Hospital acquired pneumonia is the second most common hospital acquired infection. Nosocomial pneumonia is more severe due to the fact that patients already presented with a compromised immune system and bacteria picked up in hospital environments is more dangerous. These factors can make hospital acquired pneumonia more difficult to treat, with lung damage or death both being possible outcomes. This HAI can be spread from one person to another, with the bacteria being transferred via clothing or skin. Patients with a condition that requires them to be on a respirator for an extended period of time can also be at an increased risk for hospital acquired pneumonia. Reduce pneumonia risk by proper hand washing and adhering to all hospital policies regarding infection control.
MRSA is a type of infection that has been receiving quite a bit of news coverage recently. It is important to know that although there are various ways to contract the bacterial infection MRSA, it is most often contracted during hospital stays. The reason that this particular infection is so troublesome to healthcare professionals and members of the public alike is that the infection is resistant to antibiotics and most individuals who have contracted it were already dealing with a compromised immune system when they first entered the hospital. In 2011, there were approximately 80,000 hospital acquired MRSA infections in the US alone. MRSA can be fatal, with the CDC estimating an annual average of 5,500 deaths directly attributed to the infection. However, proper sanitation techniques such as washing hands can help to prevent its transmission.
Surgical Site Infection
Surgical site infections, or SSIs, are infections that occur at the site of a surgery. They can be superficial, involving only the skin, or deep which is under the skin and involving the organs or surgical implants. Signs of surgical site infections include fever, swelling, and redness. It is estimated that up to 3 percent of Americans develop surgical site infections annually. These patients are two times more likely to die as a result of their infection. Risk factors that increase the chances of surgical site infections include smoking, and shaving the surgical site with a razor. Proper hand hygiene and reporting any symptoms to a doctor immediately after onset are both ways to mitigate the risk of surgical site infections.

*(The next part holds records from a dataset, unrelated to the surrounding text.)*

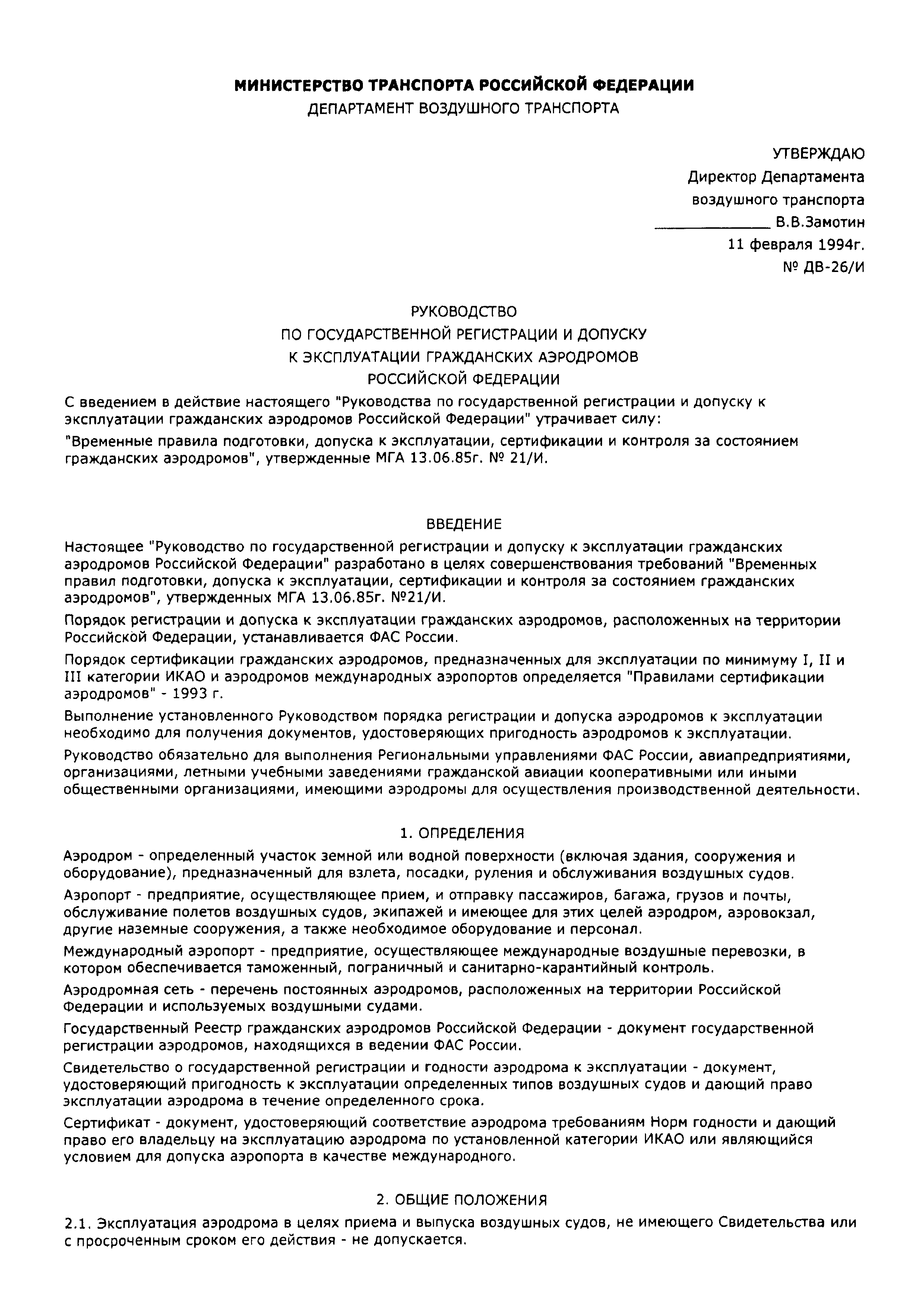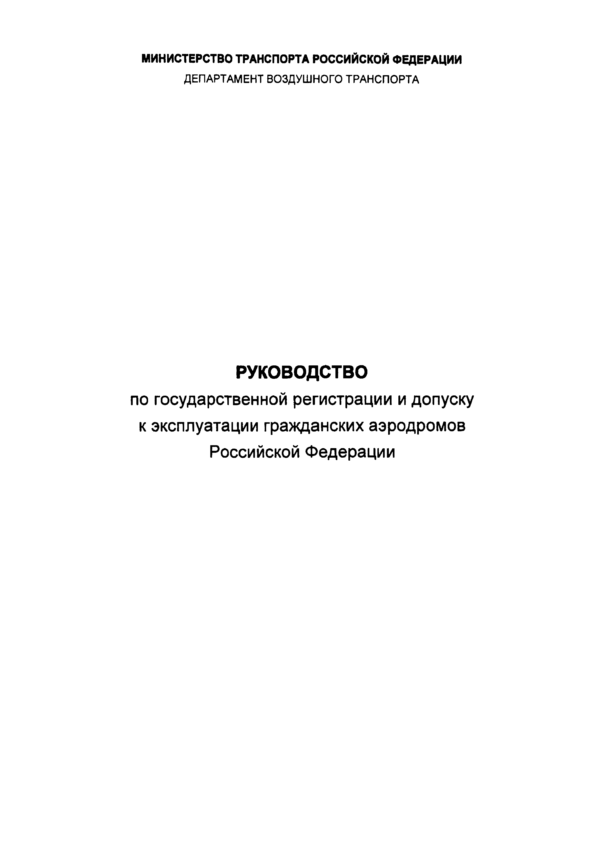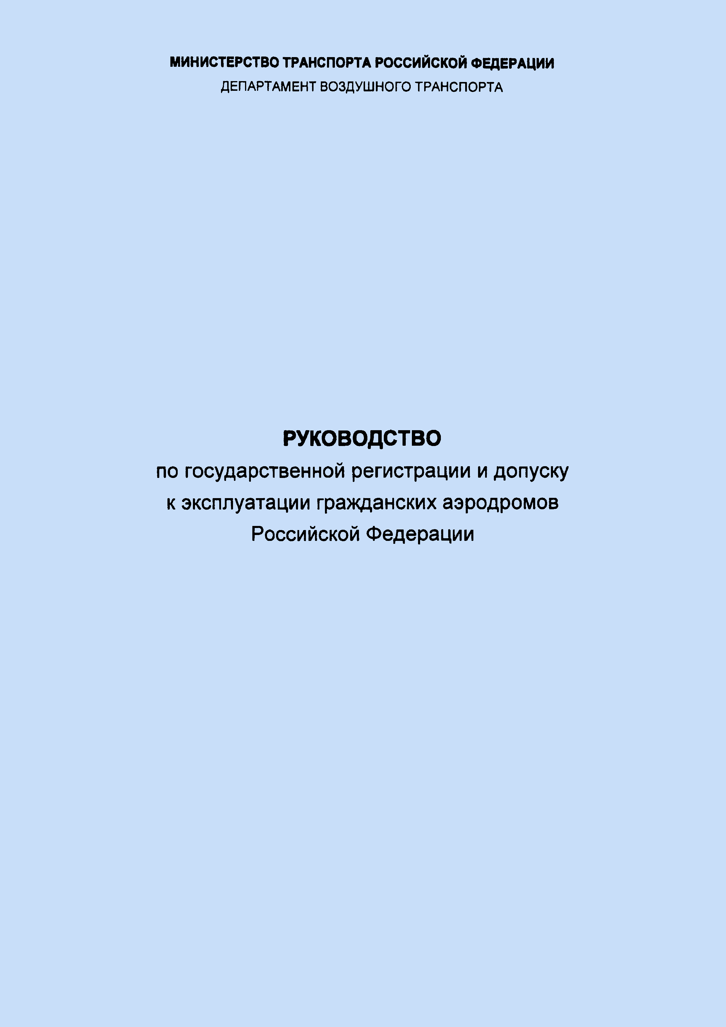 | Название рус.: | Руководство по государственной регистрации и допуску к эксплуатации гражданских аэродромов Российской Федерации |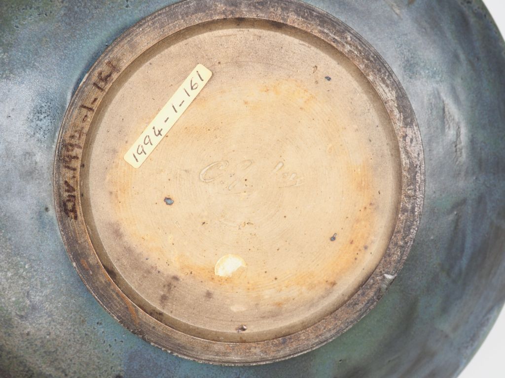 Charles GREBER. Deux coupes de style Art Déco en grès polychrome. Signées. Dim. 2,2 x 19,5 cm.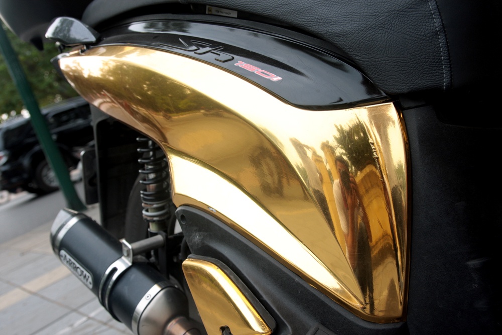 | Theo chia sẻ của chủ nhân, chiếc SH 2011 nguyên bản màu đen, sản xuất trong nước chỉ vừa được thay dàn áo chrome vàng hồi tháng 6 vừa qua, lấy ý tưởng từ những siêu xe mạ chrome vàng sáng bóng của các đại gia ở Trung Đông. |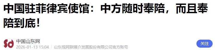 中国驻菲律宾使馆:中方随时奉陪,而且奉陪到底!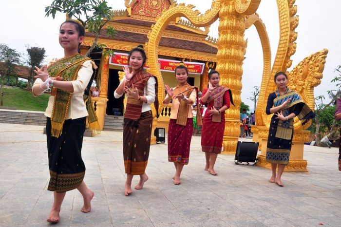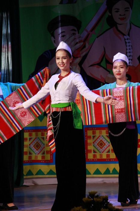 Historically, Thổ women wore fewer dresses, often purchasing dresses from the Thai people, hence their attire bears many influences from the Thai culture. However, it still possesses its unique beauty. The Thổ women's dress comprises three parts: a white or dark red skirt, a black bodice with horizontal stripes, and a skirt adorned with simple diamond-shaped Thổ motifs. Their attire is relatively light, with a square white headscarf and a green or red belt. Overall, Thổ ethnic women's attire is simple, providing a sense of lightness and comfort.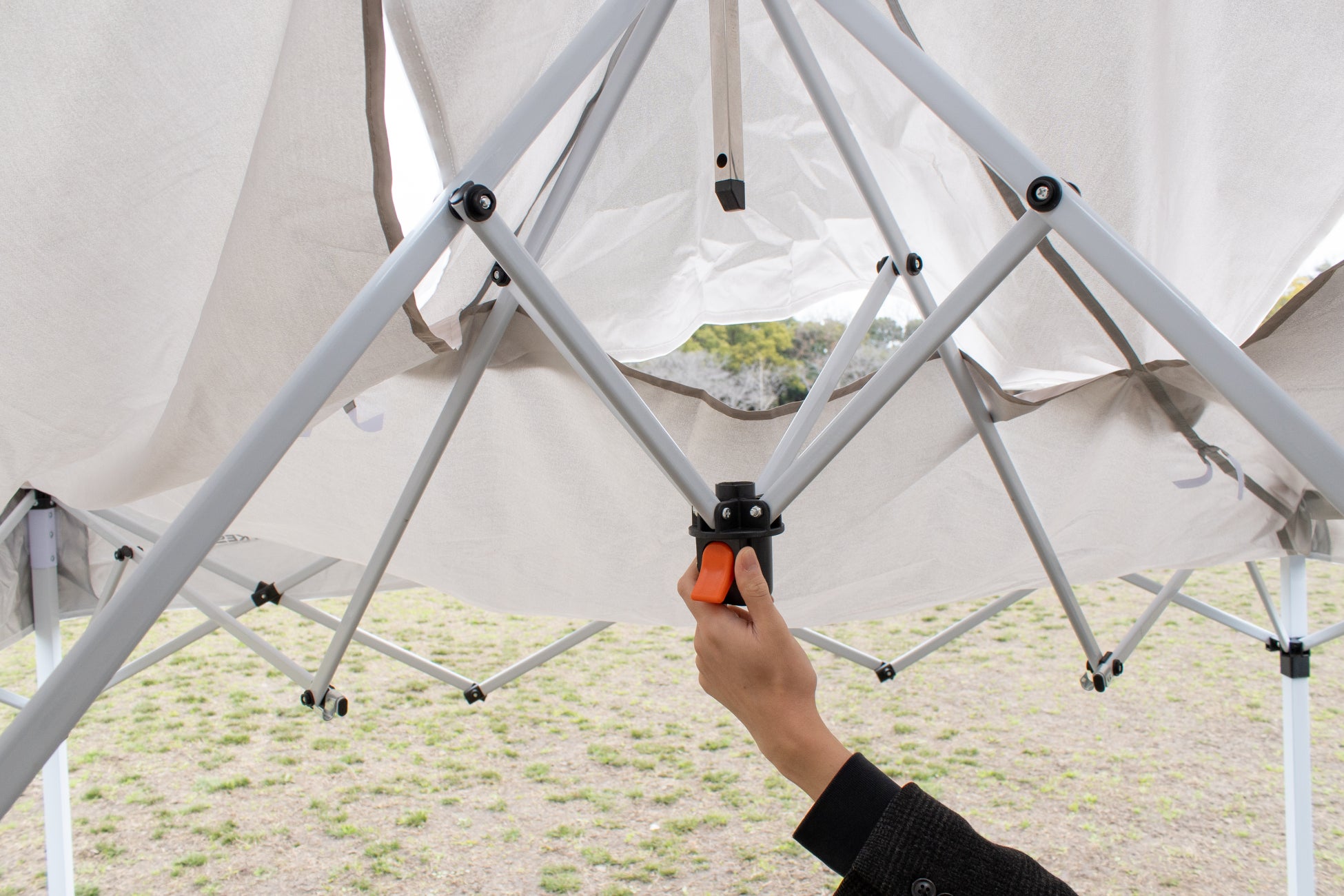 本製品は、従来のタープテントに比べて設営の手間を大幅に軽減。
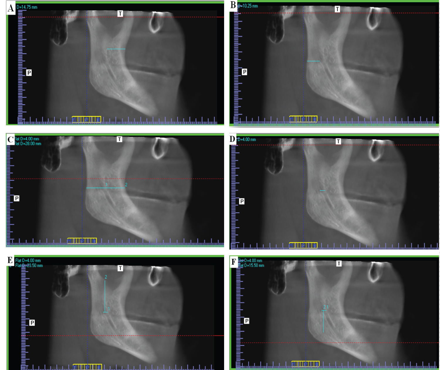 Measurements of AB-MF, PB-MF, RW, CW, MN-MF and MF-IB on the standardized sagittal view are illustrated in (Figure 2A, Figure 2B, Figure 2C, Figure 2D, Figure 2E and Figure 2F) sequentially. The ramus mandibular height (RH) was calculated by adding distances MN-MF and MF-IB from (Figure 2E and Figure 2F).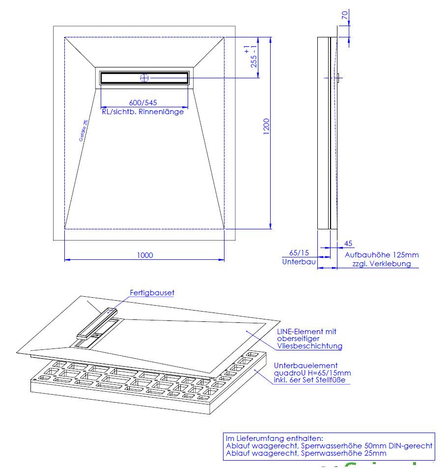 Gefälleelement mit werkseitig eingearbeitetem Gefälle von ca. 2 %, werkseitig aufgebrachte Vliesabdichtung nach DIN 18534-1, Wassereinwirkungsklasse W2-I, integrierte, eingedichtete SCHEDEL-Rinne mit Rahmen, höhenverstellbar 8-16 mm, optional Einleger für Natursteinrinne, bestehend aus standardmäßig mit DIN-gerechtem Ablauf waagerecht, Sperrwasserhöhe 50 mm und Ablauf waagerecht, Sperrwasserhöhe 25 mm, optional Ablauf senkrecht, mit zweiter Ablaufebene/Sekundärentwässerung, Ablauf mit Rinne verschraubbar, mit Unterbauelementeset quadroU 65/15 mm (mit 6er Set Stellfüße und Montagekleber) zum Höhenausgleich auf der Baustelle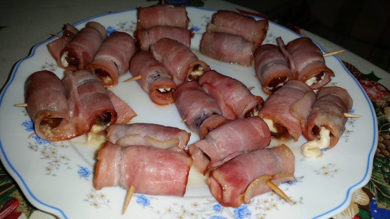 Rollitos de bacon y datiles con queso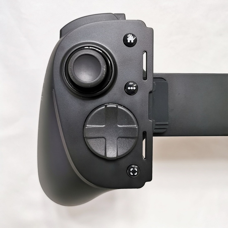 ▼ 左邊設計 - 類比拇指搖桿、機械觸感8向方向鍵、三個特殊鍵(Home鍵、選單鍵、與螢幕截圖鍵)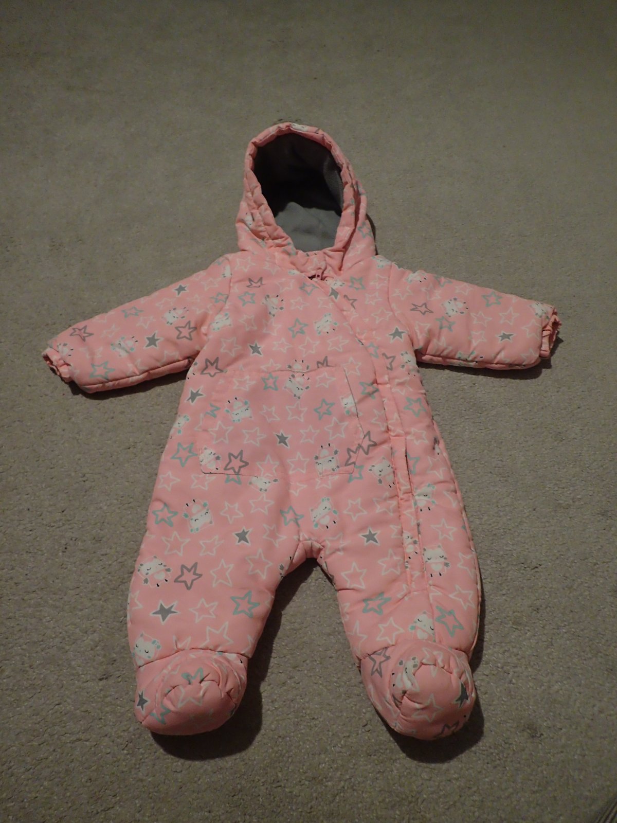 Predám tento zimný overal pre dievčatko. Veľkosť 74. Nosený, bez poškodenia.

Hospital acquired infections are a very real risk that the average person does not usually consider upon being admitted for routine procedures. However, there are methods to reduce the chance of infection. Practicing proper hand hygiene is essential to minimizing the risk of hospital acquired infections. When hospitalized request that all doctors, nurses, and visitors wash their hands in front of you. If a friend or family member wishes to visit you but is presenting symptoms of illness tell them to stay home. While their sentiment is much appreciated, the potential spread of illness to already immuno-compromised patients is not. Most importantly, all hospitals have policies and procedures for infection control. It’s important to follow these guidelines to reduce the risk of contracting and spreading hospital acquired infections.